Claude Guardian
Flight computer for Claude Code — log rotation, watchdog, crash bundles, and MCP self-awareness
Ask AI about Claude Guardian
Powered by Claude · Grounded in docs
I know everything about Claude Guardian. Ask me about installation, configuration, usage, or troubleshooting.
0/500
Reviews
Documentation
日本語 | 中文 | Español | Français | हिन्दी | Italiano | Português (BR)
Flight computer for Claude Code — log rotation, watchdog, crash bundles, and MCP self-awareness.
Claude Guardian is a local reliability layer that keeps Claude Code sessions healthy. It detects log bloat, disk pressure, and hangs before they cause problems, captures evidence when things go wrong, and exposes an MCP server so Claude can self-monitor mid-session.
What it does
| Command | Purpose |
|---|---|
preflight | Scan Claude project logs, report oversized dirs/files, optionally auto-fix |
doctor | Generate a diagnostics bundle (zip) with system info, log tails, journal |
run -- <cmd> | Launch any command with watchdog monitoring, auto-bundle on crash/hang |
status | One-shot health check: disk free, log sizes, warnings |
watch | Background daemon: continuous monitoring, incident tracking, budget enforcement |
budget | View and manage the concurrency budget (show/acquire/release) |
mcp | Start MCP server (10 tools) for Claude Code self-monitoring |
Install
npm install -g @mcptoolshop/claude-guardian
Or run directly:
npx @mcptoolshop/claude-guardian preflight
Quick start
Check your environment
claude-guardian status
=== Claude Guardian Preflight ===
Disk free: 607.13GB [OK]
Claude projects: C:\Users\you\.claude\projects
Total size: 1057.14MB
Project directories (by size):
my-project: 1020.41MB
Issues found:
[WARNING] Project log dir is 1020.41MB (limit: 200MB)
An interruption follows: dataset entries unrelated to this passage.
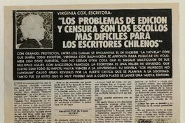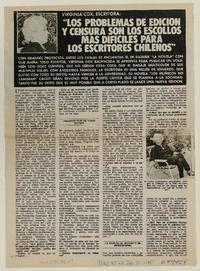 Los problemas de edición y censura son los escollos más difíciles para los escritores chilenos": [entrevista] [artículo] / Zayda Cataldo. Cosas (Santiago, Chile)-- no. 114 (feb. 12, 1981) p. 48-49. retr. .
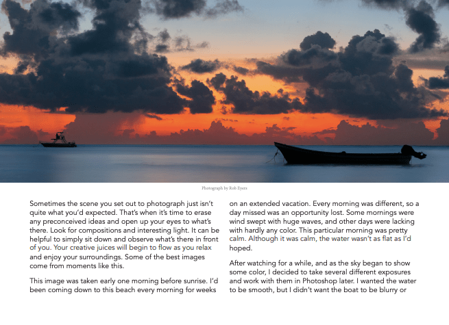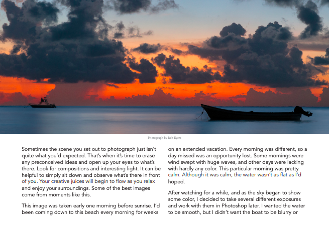 I also read this article on the class flipboard account titled How to capture dramatic Light in Landscape Photography“. This article gave 10 tips on how to improve your landscape photography game. Tip #1 encouraged readers to study up on the weather to see if there was going to be a chance of clouds, rain, etc. so you are able to best shoot what you are trying to capture. Clouds can be very interesting if done correctly. Tip #2 explained how the photographer was able to capture this image of lightening and fascinating colors by being prepared with weather knowledge and also light dramatization. Tip #3 reminded readers to stay in shape. The best shot is rarely right in front of you, it may require some hunting. This may be anything from hiking to climbing to get the best view. Tip #4 encouraged readers to spend more money on traveling and less money on expensive equipment. In photography it is hard to “force” a picture. Tip #5 told readers to invest in protective equipment for their gear. The author gave the example of how he his team were able to shoot in 70MPH winds in a desert and got amazing shots that would not have been a possibility without their protective gear. Tip #6 relates to the previous tip, but it pertains to the person behind the camera. This tip reminds readers of the importance of having protective and adequate equipment/gear with them to properly serve them in the environment that they are going to be shooting in. Tip #7 tells readers about the importance of post-processing (or editing) in software such as adobe lightroom & photoshop, etc. Tip #8 encourages readers to love what they do. If you truly love what you’re doing and what you’re able to capture the pictures will speak for themselves. Tip #9 tells readers to trust their gut and take chances. The author shares that especially when capturing dramatic light scenery, your gut feeling is usually right, and it’s best to quickly follow it because lighting can change instantaneously. Finally, tip #10 encourages readers to get out of their photography comfort zones. If you love to take pictures of the sky at sunset, try hiking at night and taking pictures of the moon and stars.
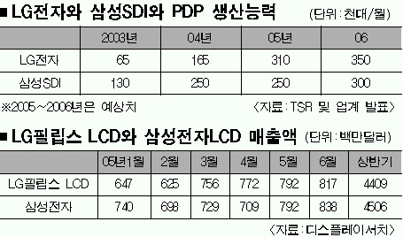 업계에서는 내년 상반기 LG필립스LCD의 파주LCD산업단지 가동과 LG전자의 구미 PDP A3라인이 완전 가동되면 양사의 확실한 비교 우위가 드러날 것으로 보고 있다.

[WARNING] File is 33.85MB (limit: 25MB)
[guardian] disk=607.13GB | logs=1057.14MB | issues=2
Auto-fix log bloat
claude-guardian preflight --fix
Rotates old logs (gzip), trims oversized .jsonl/.log files to their last N lines. Every action is logged to a journal file for traceability.
Generate a crash report
claude-guardian doctor --out ./bundle.zip
Creates a zip containing:
summary.json— system info, file size report, preflight resultslog-tails/— last 500 lines of each log filejournal.jsonl— every action the guardian has ever takenprocess.json— snapshot of running Claude processes at bundle timetimeline.json— reconstructed chronological event timelinestate.json— current daemon state (if daemon was running)incidents.jsonl— incident history (if any)
Run with watchdog
claude-guardian run -- claude
claude-guardian run --auto-restart --hang-timeout 120 -- node server.js
The watchdog:
- Spawns your command as a child process
- Monitors stdout/stderr for activity
- If no activity for
--hang-timeoutseconds → captures a doctor bundle - If the process crashes → captures a bundle, optionally restarts with backoff
MCP Server (the real unlock)
Register the guardian as a local MCP server so Claude can self-monitor:
Add to ~/.claude.json:
{
"mcpServers": {
"guardian": {
"command": "npx",
"args": ["@mcptoolshop/claude-guardian", "mcp"]
}
}
}
Then Claude can call:
| Tool | What it returns |
|---|---|
guardian_status | Disk, logs, processes, hang risk, budget, attention level |
guardian_preflight_fix | Runs log rotation/trimming, returns before/after report |
guardian_doctor | Creates diagnostics bundle (zip), returns path + summary |
guardian_nudge | Safe auto-remediation: fix logs if bloated, capture bundle if needed |
guardian_budget_get | Current concurrency cap, slots in use, active leases |
guardian_budget_acquire | Request concurrency slots (returns lease ID) |
guardian_budget_release | Release a lease when done with heavy work |
guardian_recovery_plan | Step-by-step recovery plan naming exact tools to call |
guardian_preview_ready | Poll a port until the dev server responds (use after preview_start) |
guardian_preview_recover | Diagnose stuck preview sessions, classify project type, guide recovery |
This lets Claude say: "Attention is WARN. Running guardian_nudge, then reducing concurrency."
Preview reliability
The guardian_preview_ready and guardian_preview_recover tools solve the race condition where preview_start returns success before the dev server is actually listening — which causes the browser to land on chrome-error:// and get stuck.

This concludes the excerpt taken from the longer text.